Summary:	Contending exclusive NFS file locks from two hosts breaks locking when blocked host gives up early.
Product:	[Community] GlusterFS	Reporter:	Jeff Byers <jbyers>
Component:	nfs	Assignee:	Soumya Koduri <skoduri>
Status:	CLOSED UPSTREAM	QA Contact:
Severity:	low	Docs Contact:
Priority:	low
Version:	mainline	CC:	bugs, hgowtham, jbyers, jthottan, spalai
Target Milestone:	---	Keywords:	Triaged
Target Release:	---
Hardware:	Unspecified
OS:	Linux
Whiteboard:
Fixed In Version:		Doc Type:	Bug Fix
Doc Text:		Story Points:	---
Clone Of:
Clones:	1371552 1371554 (view as bug list)		Environment:
Last Closed:	2020-03-12 12:56:32 UTC	Type:	Bug
Regression:	---	Mount Type:	---
Documentation:	---	CRM:
Verified Versions:		Category:	---
oVirt Team:	---	RHEL 7.3 requirements from Atomic Host:
Cloudforms Team:	---	Target Upstream Version:
Embargoed:
Bug Depends On:
Bug Blocks:	1371552, 1371554

Description Jeff Byers 2016-01-26 01:44:37 UTC

Contending exclusive NFS file locks from two hosts breaks
locking when blocked host gives up early.
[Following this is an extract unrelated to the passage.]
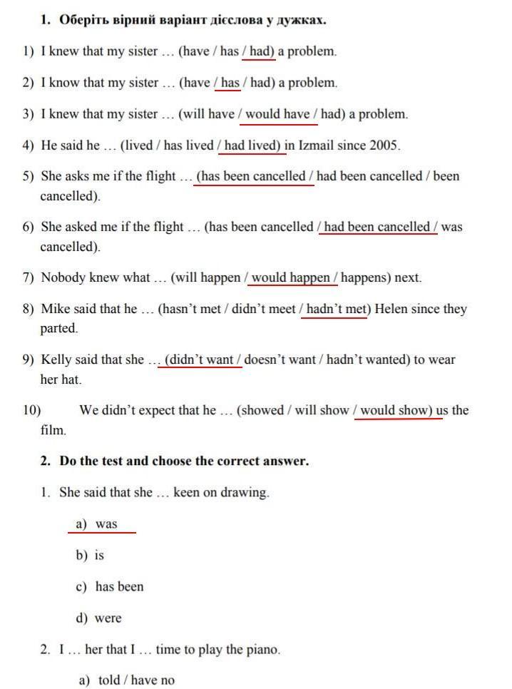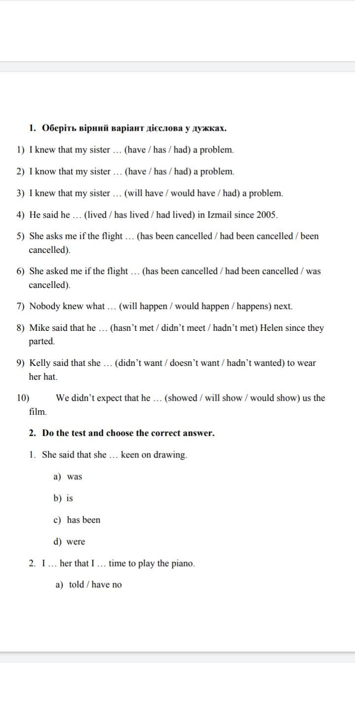 2. I … her that I … time to play the piano.

Using the Linux 'flock' utility to test GlusterFS NFS file
locking by contending exclusive locking of the same file by
two different hosts results in broken file locking for that
file when the client waiting for the lock gives up on a
timeout or is process killed. No other file lock attempt will
work from any host again without a "gluster volume stop/start",
a glusterd restart, or deleting the lock file.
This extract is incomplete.